You are given a 0-indexedm x nbinary matrix grid. You can move from a cell (row, col) to any of the cells (row + 1, col) or (row, col + 1).
Return true if there is a path from (0, 0) to (m - 1, n - 1) that visits an equal number of 0's and 1's. Otherwise return false.
Example 1:
Input: grid = [[0,1,0,0],[0,1,0,0],[1,0,1,0]]
Output: true
Explanation: The path colored in blue in the above diagram is a valid path because we have 3 cells with a value of 1 and 3 with a value of 0. Since there is a valid path, we return true.
Example 2:
Input: grid = [[1,1,0],[0,0,1],[1,0,0]]
Output: false
Explanation: There is no path in this grid with an equal number of 0's and 1's.
Constraints:
m == grid.length
n == grid[i].length
2 <= m, n <= 100
grid[i][j] is either 0 or 1.
Solutions
Solution 1: Memoization Search
According to the problem description, we know that the number of 0s and 1s on the path from the top-left corner to the bottom-right corner is equal, and the total number is \(m + n - 1\), which means the number of 0s and 1s are both \((m + n - 1) / 2\).

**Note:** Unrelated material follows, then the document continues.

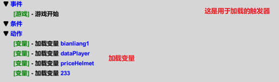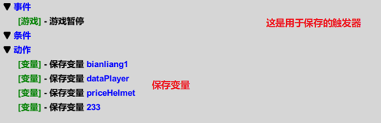 保存变量并在游戏开始时加载这部分在触发器->变量部分有讲,在这里进行比较详细的解释当游戏暂停时保存数据 游戏开始时加载变量自动定时保存变量当然,此方法还是存在一定问题的,比如直接杀后台会导致变量无法保存。你也可以不采取上面的方案,而是在变量变化时就保存,如下:

Therefore, we can use memoization search, starting from the top-left corner and moving right or down until reaching the bottom-right corner, to check if the number of 0s and 1s on the path is equal.
The time complexity is \(O(m \times n \times (m + n))\). Here, \(m\) and \(n\) are the number of rows and columns of the matrix, respectively.